**Directions:** Begin at the line containing "فقام يصلى، فافتتح" in the records below, end at the line containing "Кухня имеет нежно-зеленый", and retype each line in that span exactly. No other line and no image should appear.

[Data items]
------------

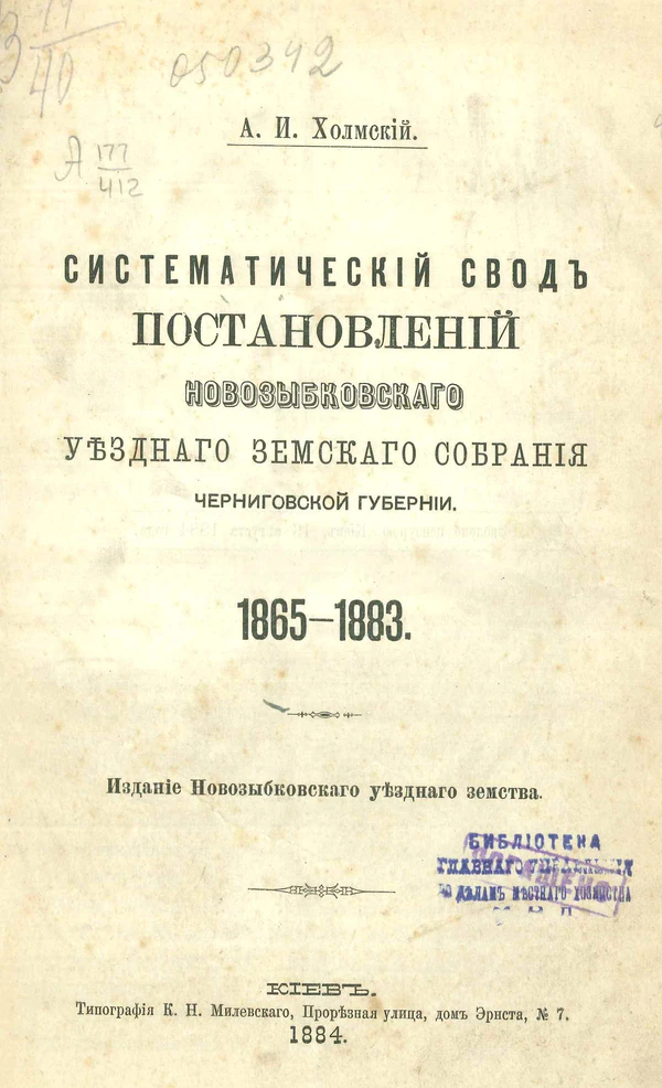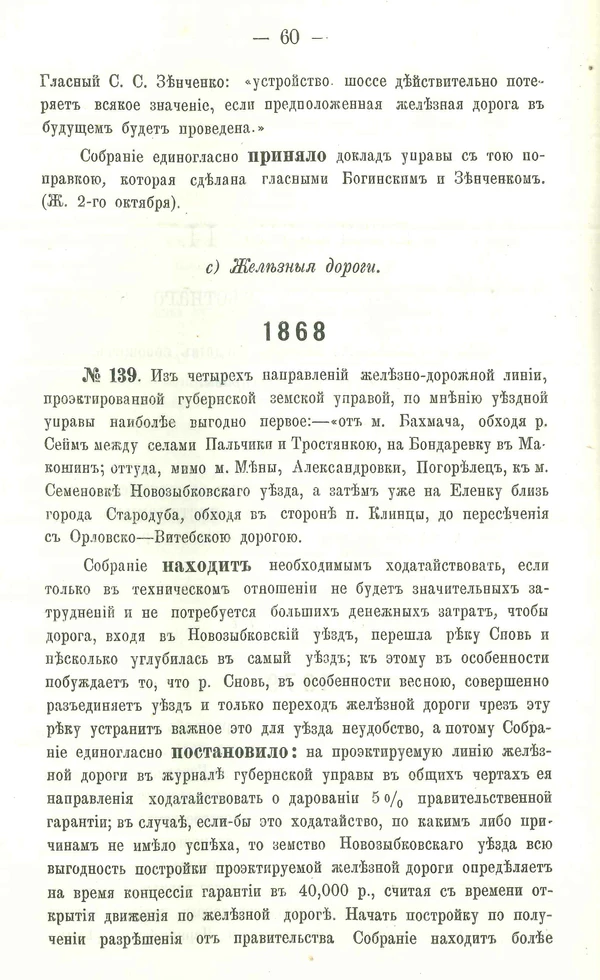 «Новозыбковский уезд один из скуднонаделенных природой уездов Черниговской губернии; земля плоха; леса быстро исчезают и исчезают для владельцев бесценно по недостатку сплавных рек и отсутствию железной дороги, но нужда развила в уезде промышленность, отхожие промыслы, фабрики, кустарное производство; торговые же пункты уезда Семеновка, Климово, Новозыбков, Злынка (хлеб, пенька, мед) пали с проведением Либаво-Роменской железной дороги и единственная надежда – проведение Брянской дороги южнее г. Новозыбкова, т.е. почти в средине уезда, как видно,рушится и только ради пользы немногих крупных землевладельцев. Земство Новозыбковского уезда ничего более не находит, как обратиться к министру внутренних дел с просьбою – защитить интересы 150 000 душ бедного крестьянского уезда и надеяться, что ходатайство это не будет оставлено без внимания».
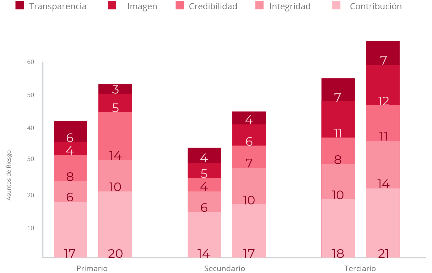 Uno de los hallazgos más significativos del periodo es la reconfiguración de las expectativas sociales. Si bien la dimensión de “Contribución” (el aporte de la empresa al entorno) mantiene su predominancia en volumen, la dimensión de Integridad ha registrado el incremento más notable, elevando su número de asuntos de riesgo en un 55%.
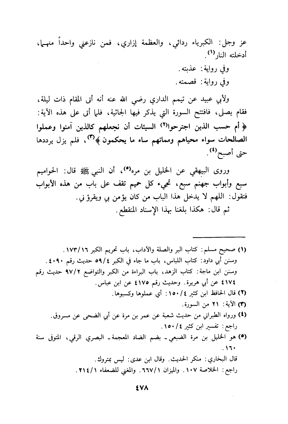 فقام يصلى، فافتتح السورة التي يذكر فيها الجاثية، فلما أتى على هذه الآية: (أَمْ حَسِبَ الَّذِينَ اجْتَرَحُوا السَّيِّئَاتِ أَنْ نَجْعَلَهُمْ كَالَّذِينَ آمَنُوا وَعَمِلُوا الصَّالِحَاتِ سَوَاءً مَحْيَاهُمْ وَمَمَاتُهُمْ سَاءَ مَا يَحْكُمُونَ (21) .
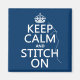 This reads Keep Calm and Stitch On, in the style of the classic keep calm poster. There is a needle piercing the letters, with thread dangling. It's a beautiful simple and eye catching design which will makes a fun range of products loved by everyone who loves to sew.
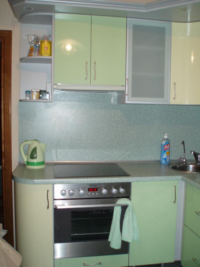 Кухня имеет нежно-зеленый цвет. Ручки ящиков изготовлены в волнообразной форме. Присутствуют дополнительные места для бытовой техники.
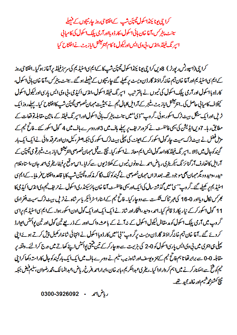 In Group “B” match played at Aga Khan Gymkhana Football Ground, Garden West Cardoba School thrilling win over BVS Parsi School 2-0. The match remained goal less at half time. However, Hamza Younis 46th and Shahzeb Saleem 51st scored for Cardoba School and got three valuable points for his team.
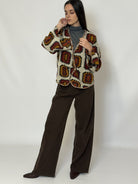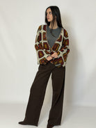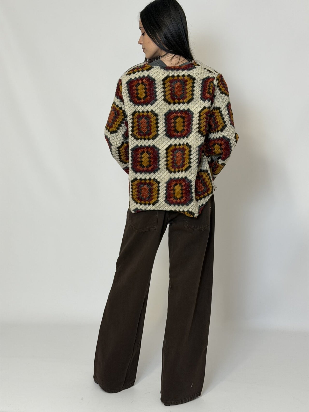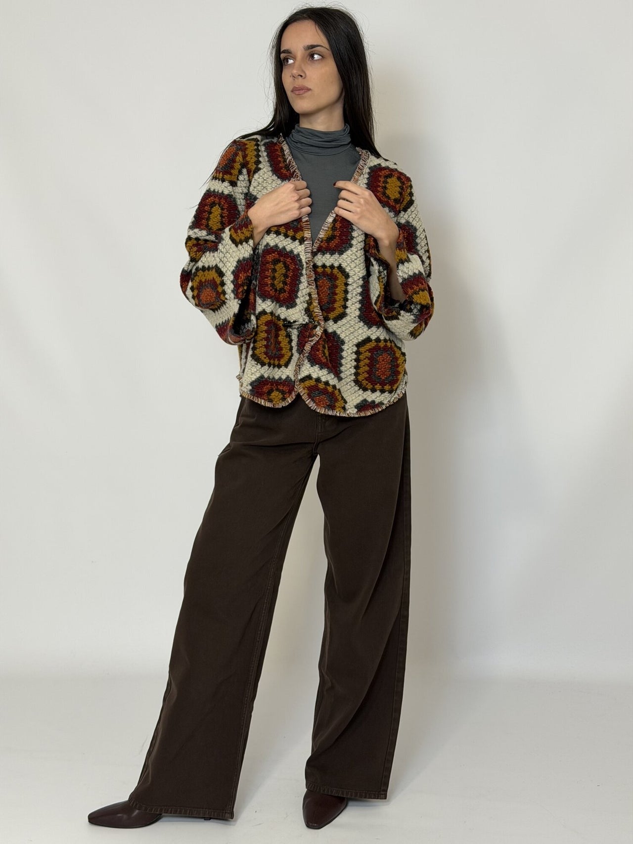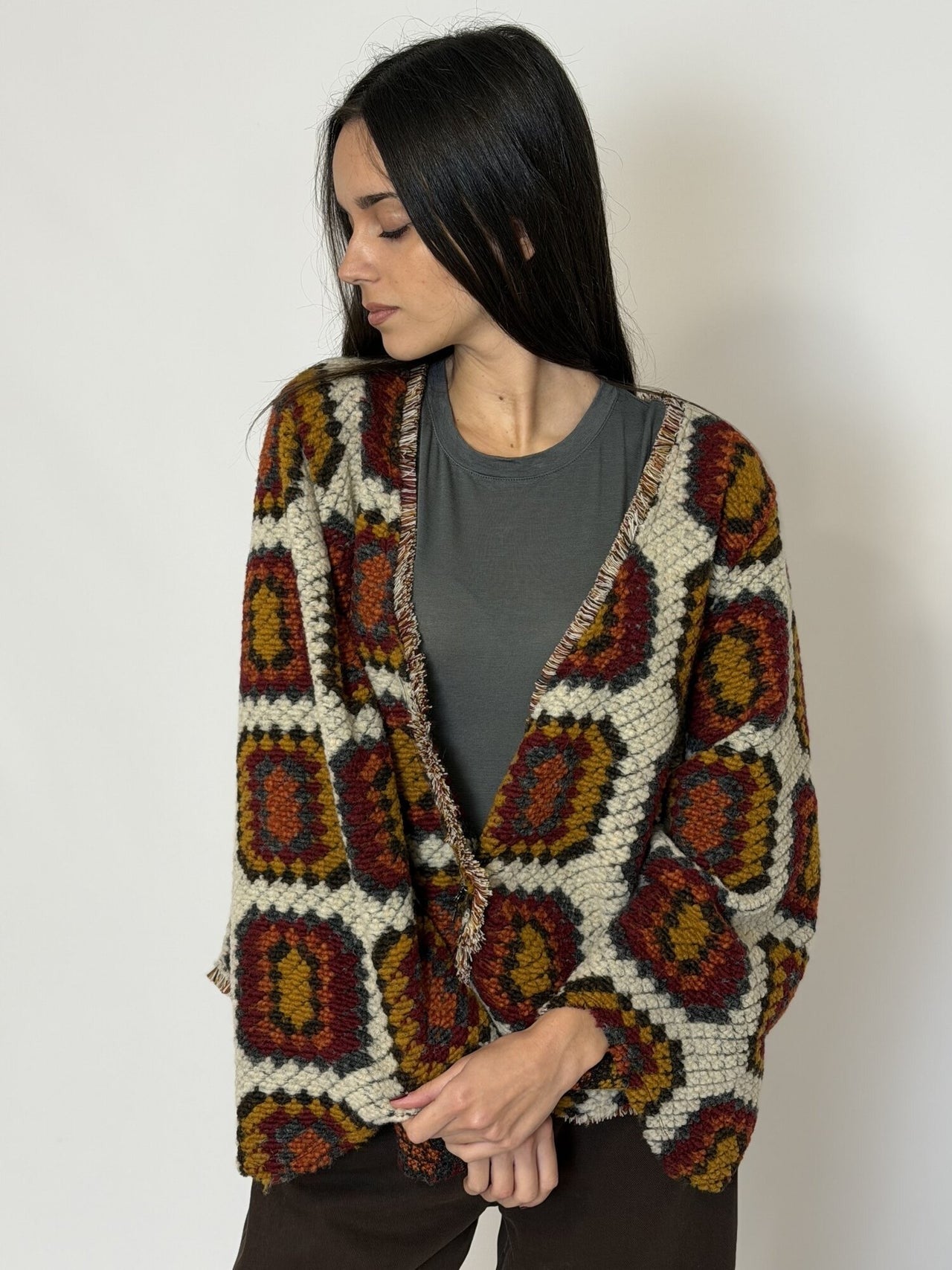 Cardigan donna over a fantasia azteca con maniche ampie e chiusura con spilla.
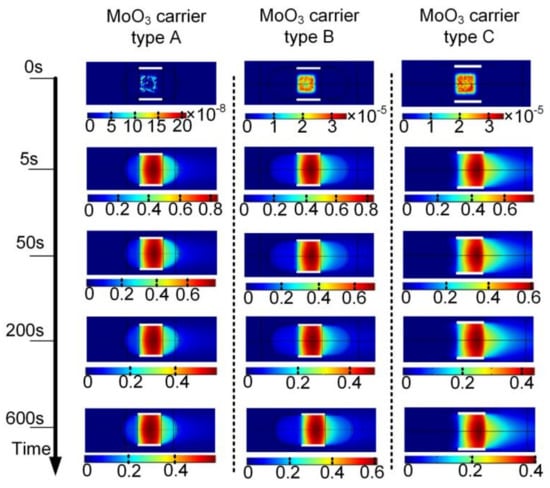 Figure 5, it can be seen that the molybdenum vapor concentration increased rapidly in the very beginning of the deposition process, namely the first 5 s presented simulation results. After 50 s, the molybdenum vapor concentration changed at a rather small rate. What should be noted is that the shape of the MoO
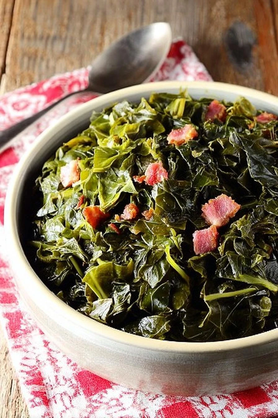 Takes 15 minutes to prep, then the slow cooker does the work. Two hours tops. Deep smoky comfort. Ham hock energy but less grease sitting on top of everything. Leftovers taste better the next day. Actually better. The greens keep softening, the broth gets darker. Works as a side for literally anything — pork, chicken, beans, just bread. No judgment. One pot. Minimal cleanup. The smell alone fills your whole place.

------------

**Answer to the exercise:**
 فقام يصلى، فافتتح السورة التي يذكر فيها الجاثية، فلما أتى على هذه الآية: (أَمْ حَسِبَ الَّذِينَ اجْتَرَحُوا السَّيِّئَاتِ أَنْ نَجْعَلَهُمْ كَالَّذِينَ آمَنُوا وَعَمِلُوا الصَّالِحَاتِ سَوَاءً مَحْيَاهُمْ وَمَمَاتُهُمْ سَاءَ مَا يَحْكُمُونَ (21) .
 This reads Keep Calm and Stitch On, in the style of the classic keep calm poster. There is a needle piercing the letters, with thread dangling. It's a beautiful simple and eye catching design which will makes a fun range of products loved by everyone who loves to sew.
 Кухня имеет нежно-зеленый цвет. Ручки ящиков изготовлены в волнообразной форме. Присутствуют дополнительные места для бытовой техники.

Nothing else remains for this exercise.